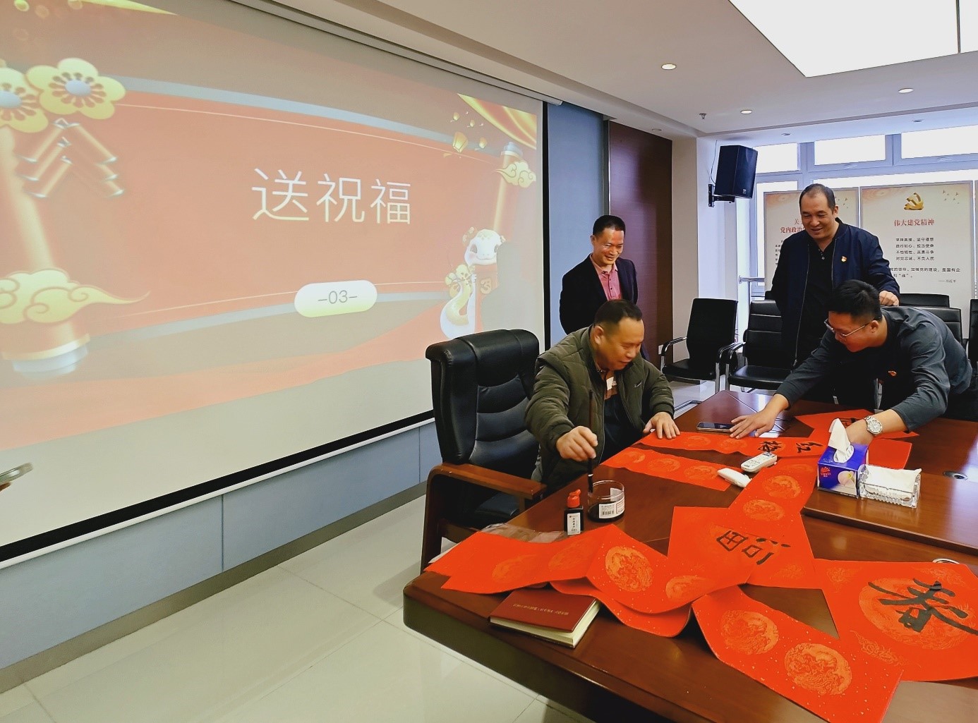 活動末尾,送祝福環(huán)節(jié)溫馨上演。黨員們揮毫潑墨,書寫迎春祝福語,“金蟒迎春心守廉,紅梅映日夢留清”“風清氣正度佳節(jié),吉祥如意迎新春”等飽含深意的話語躍然紙上。這些書法作品,既傳遞新春祝福,也時刻提醒黨員堅守廉潔底線,共度清正春節(jié)。
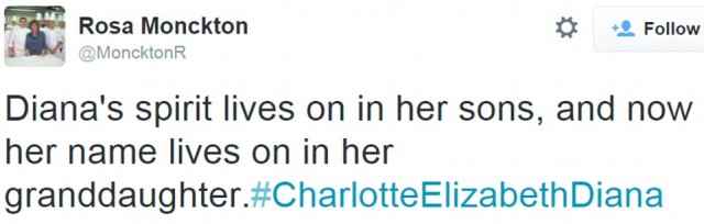 Χαρακτηριστικό είναι μάλιστα ότι ελάχιστα λεπτά μετά την ανακοίνωση του ονόματος της μικρής «πριγκίπισσας του Κέμπριτζ», η καλύτερη φίλη της Νταϊάνα, Ρόζα Μόνκτον έγραψε στο twitter. «Το πνεύμα της Νταϊάνα ζει μέσα από τους γιους της και τώρα το όνομά της ζει μέσω της εγγονής της».
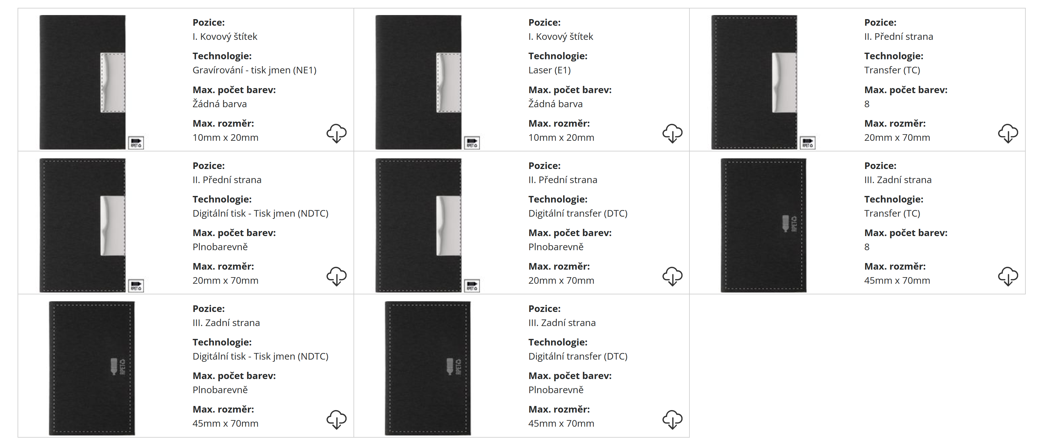 | ? Technologie potisku: | Sítotisk/Ražba/laser kov |
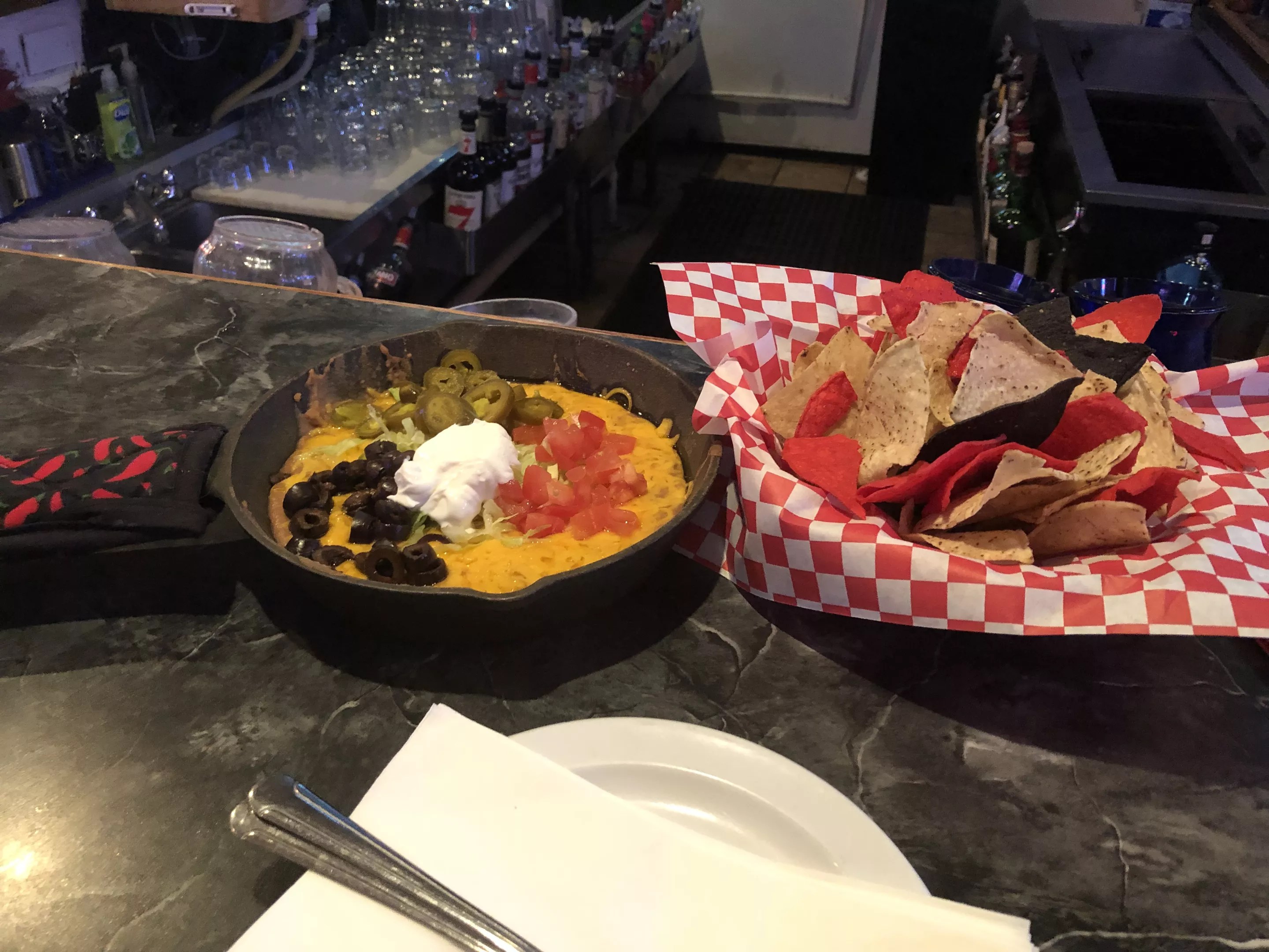 Aurora is home to Dry Dock Brewing Company, which fills several tap handles at Pitchers. So you can order a “Hopricot” here, a Dry Dock-approved mix of Apricot Blonde and Hop Abomination IPA. The food menu is extensive and includes breakfast served all day, every day, which was tempting, but we opted for the skillet nachos. Rather than fully constructed nachos, these come as a basket of tortilla chips and a cast-iron skillet filled with layers of refried beans, melty cheese, sour cream, jalapeños, black olives and tomatoes. While not your standard nacho setup, it does allow you to scoop the perfect amount of toppings with each chip. Skillet nachos for the win! Sarah McGill
-*-
DESCRIPTION OF THE TASK: The result should be a verbatim copy of the data, free of pictures.

ANSWER SECTION:
 活動末尾,送祝福環(huán)節(jié)溫馨上演。黨員們揮毫潑墨,書寫迎春祝福語,“金蟒迎春心守廉,紅梅映日夢留清”“風清氣正度佳節(jié),吉祥如意迎新春”等飽含深意的話語躍然紙上。這些書法作品,既傳遞新春祝福,也時刻提醒黨員堅守廉潔底線,共度清正春節(jié)。
 Χαρακτηριστικό είναι μάλιστα ότι ελάχιστα λεπτά μετά την ανακοίνωση του ονόματος της μικρής «πριγκίπισσας του Κέμπριτζ», η καλύτερη φίλη της Νταϊάνα, Ρόζα Μόνκτον έγραψε στο twitter. «Το πνεύμα της Νταϊάνα ζει μέσα από τους γιους της και τώρα το όνομά της ζει μέσω της εγγονής της».
 | ? Technologie potisku: | Sítotisk/Ražba/laser kov |
 Aurora is home to Dry Dock Brewing Company, which fills several tap handles at Pitchers. So you can order a “Hopricot” here, a Dry Dock-approved mix of Apricot Blonde and Hop Abomination IPA. The food menu is extensive and includes breakfast served all day, every day, which was tempting, but we opted for the skillet nachos. Rather than fully constructed nachos, these come as a basket of tortilla chips and a cast-iron skillet filled with layers of refried beans, melty cheese, sour cream, jalapeños, black olives and tomatoes. While not your standard nacho setup, it does allow you to scoop the perfect amount of toppings with each chip. Skillet nachos for the win! Sarah McGill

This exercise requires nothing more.